It may be silly season, but the numbers on this survey are pretty alarming nonetheless: according to hospitality recruitment website Caterer.com, 66 per cent of 4,300 people it surveyed detest their current job and 43 per cent actively dread going to work every day.
The hospitality sector’s employees came out as unexpected cheerleaders for their sector — just over 49 per cent feel enthusiastic about going to work and are dedicated to their jobs. Only 19 per cent feel no job satisfaction whatsoever.
Compare that with despondent retail workers or (worryingly) those based in an office (a description that takes in a wide variety of jobs), who are overwhelmingly underwhelmed by the prospect of going to work each day.
So who were the UK’s least enthused employees? Here’s a list of the least loved jobs.
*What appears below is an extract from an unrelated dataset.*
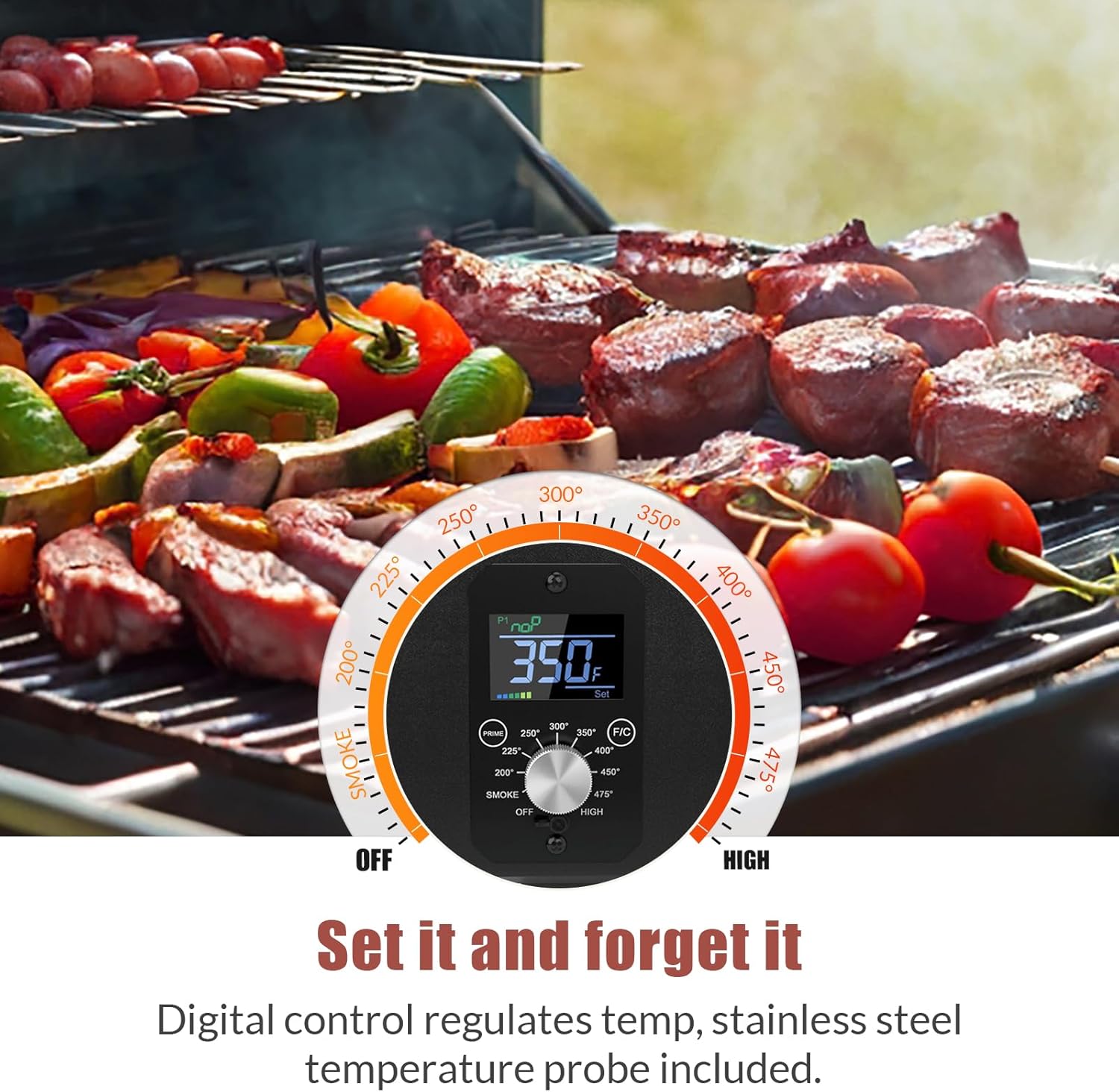 - 【Premium Features】: LCD screen and meat probe to show small smoker temperature and probe temperature (free Meat Probe included). Large capacity hopper can accommodate 5lbs wood pellets. It also can be run from a small car power inverter. The combination of superheated steam and pellet grilling enables you to create tender and juicy wood-fired flavor roasts

| Job | Glee factor (% who are enthusiastic about their jobs) |
| Retail | 7.2 |
| Office-based | 10 |
| Labour | 11 |
| Sales (phone or door-to-door) | 16.9 |
| Skilled (designer/electrician) | 20.4 |
| Forces/Police | 28.6 |
| Social work | 29.9 |
| Education | 30.8 |
| Charity | 34 |
| Healthcare | 48.9 |
Not surprisingly, jobs with more of a structured career path and prospects for advancement elicited more enthusiasm than those without. But ’skilled jobs’ should surely rate higher, if employers are giving people access to apprenticeships and other learning opportunities. And shouldn’t public-sector roles in social work, education and the forces inspire dedication, given their more vocational nature?
The misery factor in a job is not necessarily confined to a particular sector, believes The Table Group founder Pat Lencioni, who also wrote the best-selling “Three Signs of a Miserable Job”.
He defines the three signs for Work in Progress as:
- Anonymity — which is the feeling that employees get when they realize that their manager has little interest in them a human being and that they know little about their lives, their aspirations and their interests.
- Irrelevance — which takes root when employees cannot see how their job makes a difference in the lives of others. Every employee needs to know that the work they do impacts someone’s life – a customer, a co-worker, even a supervisor – in one way or another.
- Immeasurement — which I realize isn’t actually a word. It’s the inability of employees to assess for themselves their contribution or success. Employees ho have no means of measuring how well they are doing on a given day or in a given week, must rely on the subjective opinions of others, usually their managers, to gauge their progress or contribution.
Maybe this is where the problem lies. A smaller survey by performance management software business SuccessFactors of 139 UK or Eire-based HR executives has found that, while many have a succession plan of some description in place, the majority don’t have a formal process that can be used to identify and develop a continuous stream of talent within the business. Employees, then, have little sense that they might progress beyond a certain point and almost no promise of getting to the top job.
Forty per cent lacked any way of identifying future talent — at the top, or presumably at any level of the business. And managers in two-thirds of the organisations weren’t held accountable for developing people.
It’s not that businesses don’t recognise the importance of talent management. But the processes aren’t in place to create a recognisable career progression. The introduction to a McKinsey chart lists familiar obstacles — short-term cost-cutting on talent spend, a shortage of the right type of person, poor line management, no cross-departmental collaboration.
But the chart itself is more eloquent, showing line managers and HR professionals frequently at odds on who’s responsible for finding and keeping the best people. No-one appears clear as to who is accountable for talent management in the business. Surely that’s a job worth getting enthusiastic about.